I.e. I send the server an event from somewhere else that requires the imp to turn on a LED. What is the longest time it will take for the imp to get that message. This will be a critical infrastructure issue for electric imp as they don’t want the massive load of every imp device out there polling their servers too often, so there will be a time period set so that each imp only connects to ask for any new messages every # seconds. This is what I can’t seem to find any information on.
To put it in context, I am standing in front of an object containing an imp. I have my phone viewing a web page which has a button that tells this object to do something. I press the button. What is the longest it will take for the imp in front of me to get that event and react?

Sorry I misread your message slightly incorrectly, but I believe you are still incorrect. Sure the time from pressing the button on 1 imp and it sending that message over to the server is very fast. However the server being able to pass that message onto another imp will not be instant as the server can’t connect to an imp, imps have to connect to the server. The servers can’t possibly maintain live connections with every imp out there of this system wouldn’t be able to scale, so the imps will be polling, connecting periodically to check for any new message.

The servers can’t possibly maintain live connections with every imp out there of this system wouldn’t be able to scale

On the contrary, that’s exactly what we do. Scaling idle TCP sockets isn’t actually that hard.

Peter

Wow, I’m very surprised as that presumably limits you to 65535 imp devices per server IP address. I stand corrected, I’ve not come across anyone taking such an approach before on a system that needs to scale. Is this a core system design decision that will always be retained or might you change in the future if the number of active imp devices grows to much?
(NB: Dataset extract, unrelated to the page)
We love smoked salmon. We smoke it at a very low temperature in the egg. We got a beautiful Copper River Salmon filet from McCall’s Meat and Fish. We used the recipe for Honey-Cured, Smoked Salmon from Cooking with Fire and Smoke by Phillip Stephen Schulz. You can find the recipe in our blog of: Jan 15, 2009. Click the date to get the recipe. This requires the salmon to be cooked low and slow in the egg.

Not being critical BTW, if this is the way it works and always will then that is great for the application we have in mind…

Also it might be worth mentioning this somewhere as I couldn’t find it and its a very attractive feature of your system that I expect others with a lot of low level networking knowledge might make the same wrong assumption about.
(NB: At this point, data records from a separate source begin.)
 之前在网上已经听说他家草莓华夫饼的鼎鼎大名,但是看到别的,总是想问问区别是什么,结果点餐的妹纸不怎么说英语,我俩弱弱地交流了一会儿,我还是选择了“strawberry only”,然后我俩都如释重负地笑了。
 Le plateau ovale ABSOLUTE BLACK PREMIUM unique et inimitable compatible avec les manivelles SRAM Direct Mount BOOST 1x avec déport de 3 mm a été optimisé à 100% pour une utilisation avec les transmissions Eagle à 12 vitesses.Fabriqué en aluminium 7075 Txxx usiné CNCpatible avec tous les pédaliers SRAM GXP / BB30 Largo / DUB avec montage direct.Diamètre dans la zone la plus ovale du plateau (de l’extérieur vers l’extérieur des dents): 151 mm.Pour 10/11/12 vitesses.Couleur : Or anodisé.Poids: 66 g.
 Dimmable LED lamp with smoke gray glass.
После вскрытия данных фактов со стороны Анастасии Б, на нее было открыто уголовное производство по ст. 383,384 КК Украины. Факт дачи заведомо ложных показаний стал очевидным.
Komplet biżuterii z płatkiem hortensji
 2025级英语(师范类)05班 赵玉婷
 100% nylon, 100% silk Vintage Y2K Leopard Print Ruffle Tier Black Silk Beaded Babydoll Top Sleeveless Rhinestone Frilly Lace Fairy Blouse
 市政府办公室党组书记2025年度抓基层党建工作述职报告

FWIW it’s not really the case that every client needs its own port number on the server: http://stackoverflow.com/questions/5945695/number-of-network-connections-possible

Peter

As Peter notes, TCP doesn’t actually limit you to 65535 connections per server IP; on our end, every device is on the same port number (as they all connect to port 31314). The kernel distinguishes connections by the combination of remote IP, remote port, local IP, local port.

There’s no issue with scaling, I assure you :slight_smile:

Not that we’d go this far, but here are some scaling tips to run 12 million concurrent TCP sockets on a linux box:

Very funky, glad I asked!

I've not come across anyone taking such an approach before on a system that needs to scale

I suspect you have. The iPhone and Android phones are all connected to their backend servers for push notifications in the same kind of way. Any website that uses websockets is doing the same. Even HTTP long polling (aka Comet) stays connected and is a very common tool for real-time (or real-time-ish) websites like stock tickers and auction sites. Look at services like PubNub and Firebase for examples of permanent or near-permanent connections that scale very well.